Items from a data source:
* * *
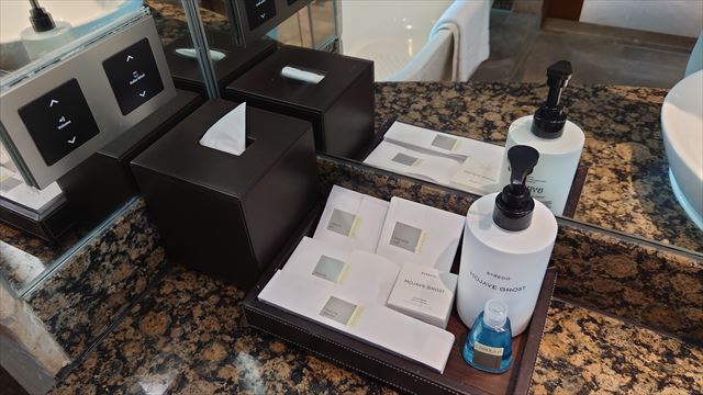 シャワールームではピンクのゾウと並びコンラッドバンコク名物の花柄のゾウがお出迎え。
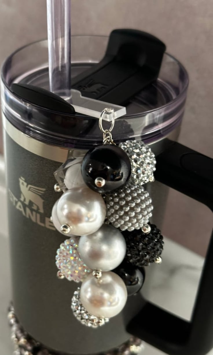 Add the perfect touch of elegance and sparkle to your tumbler with this stunning black, white, and silver straw bauble. Designed with a luxe mix of glossy, pearlized, and rhinestone-studded beads, this piece creates a bold yet sophisticated statement that instantly elevates your cup.
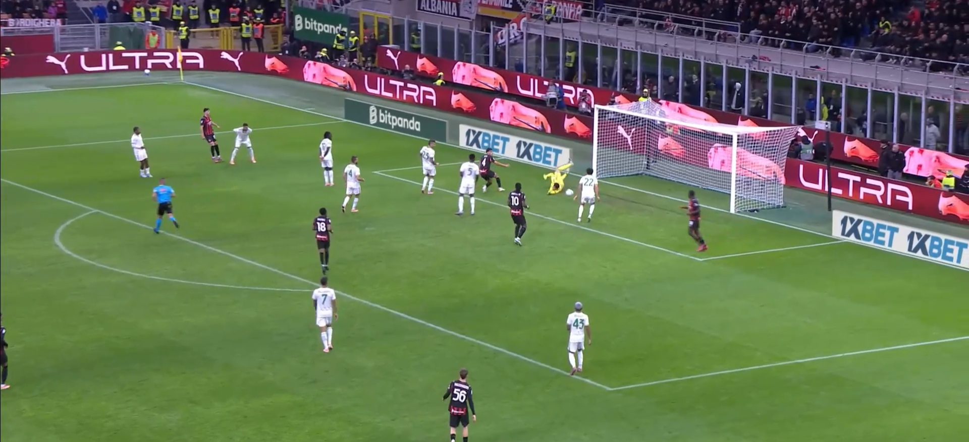 Но при этом заключительный голевой момент создали гости, воспользовавшись «умением» игроков «Милана» играть в низком блоке. Довбик сделал отличное движение из зоны одного центрального защитника в зону другого, сыграв роль стенки для своего партнера (правда, почти в больничку), из-за чего был заработан крайне опасный штрафной, с которого был заработан пенальти. Пенальти легитимный, рука была отставлена в сторону.
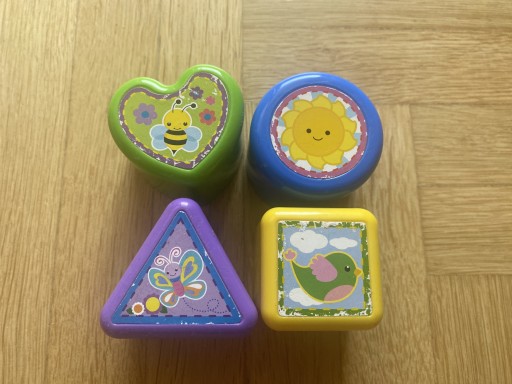 Є сліди нормального використання (легкі потертості по кутах, потерті наклейки на елементах сортера).
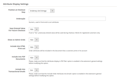 5.7.1 - Lojas > Configurações > Configuração > Extensões Amasty > Atributos do Pedido
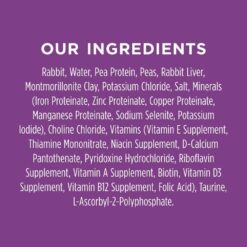 Rabbit, Water, Pea Protein, Peas, Rabbit Liver, Montmorillonite Clay, Potassium Chloride, Salt, Minerals (Iron Proteinate, Zinc Proteinate, Copper Proteinate, Manganese Proteinate, Sodium Selenite, Potassium Iodide), Choline Chloride, Vitamins (Vitamin E Supplement, Thiamine Mononitrate, Niacin Supplement, D-Calcium Pantothenate, Pyridoxine Hydrochloride, Riboflavin Supplement, Vitamin A Supplement, Biotin, Vitamin D3 Supplement, Vitamin B12 Supplement, Folic Acid), Taurine, L-Ascorbyl-2-Polyphosphate.
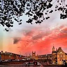 Bristol Temple Meads is the oldest and largest railway station in Bristol, England. It is located 118 miles 31 chains (118.39 mi; 190.5 km) away from London Paddington.[2] It is an important transport hub for public transport in the city; there are bus services to many parts of the city and surrounding districts, with a ferry to the city centre. Bristol's other major station, Bristol Parkway, is a more recent station on the northern outskirts of the conurbation.
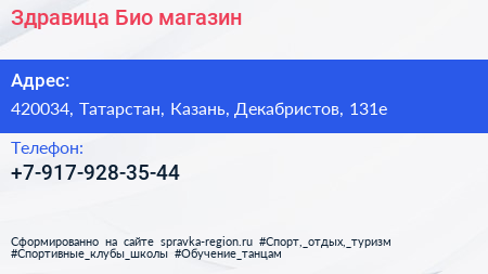 Здравица-Био, магазин по адресу 420034, Татарстан, Казань, Декабристов, 131е в дальнейшем Организация, размещена в следующих категориях:
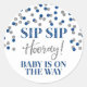 Blue Silver Confetti Sip Sip Hooray Classic Round Sticker
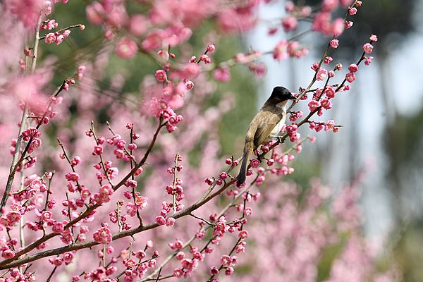 2025年2月28日,贵州省仁怀市楠竹林公园,小鸟在梅花枝头停歇。
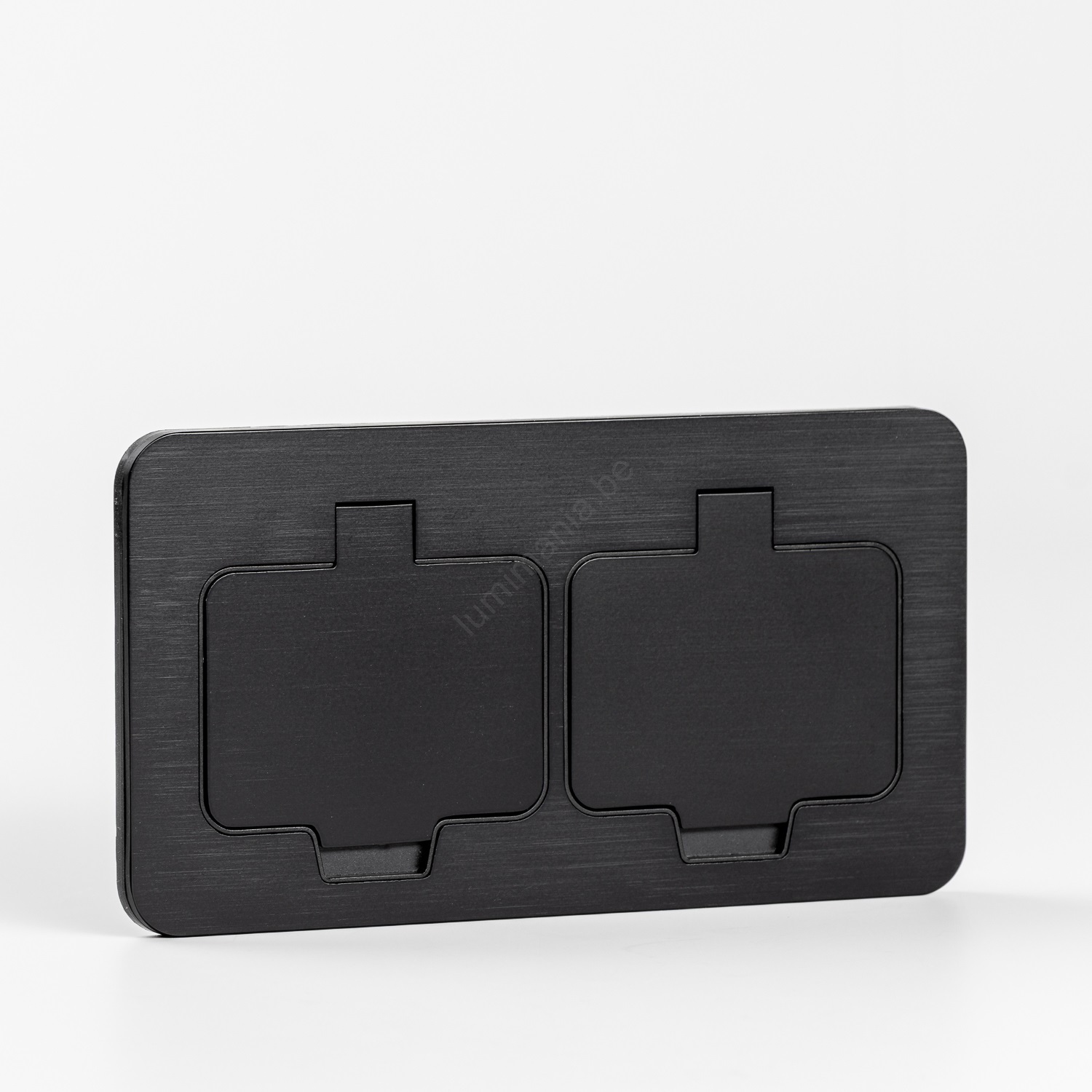 Prise double encastrée extérieure IP55 noire rectangulaire
* * *
Please return, without any change, the lines from the line containing "2025年2月28日,贵州省仁怀市楠竹林公园,小鸟在梅花枝头停歇。" through the last line of the entries, dropping the pictures.

 2025年2月28日,贵州省仁怀市楠竹林公园,小鸟在梅花枝头停歇。
 Prise double encastrée extérieure IP55 noire rectangulaire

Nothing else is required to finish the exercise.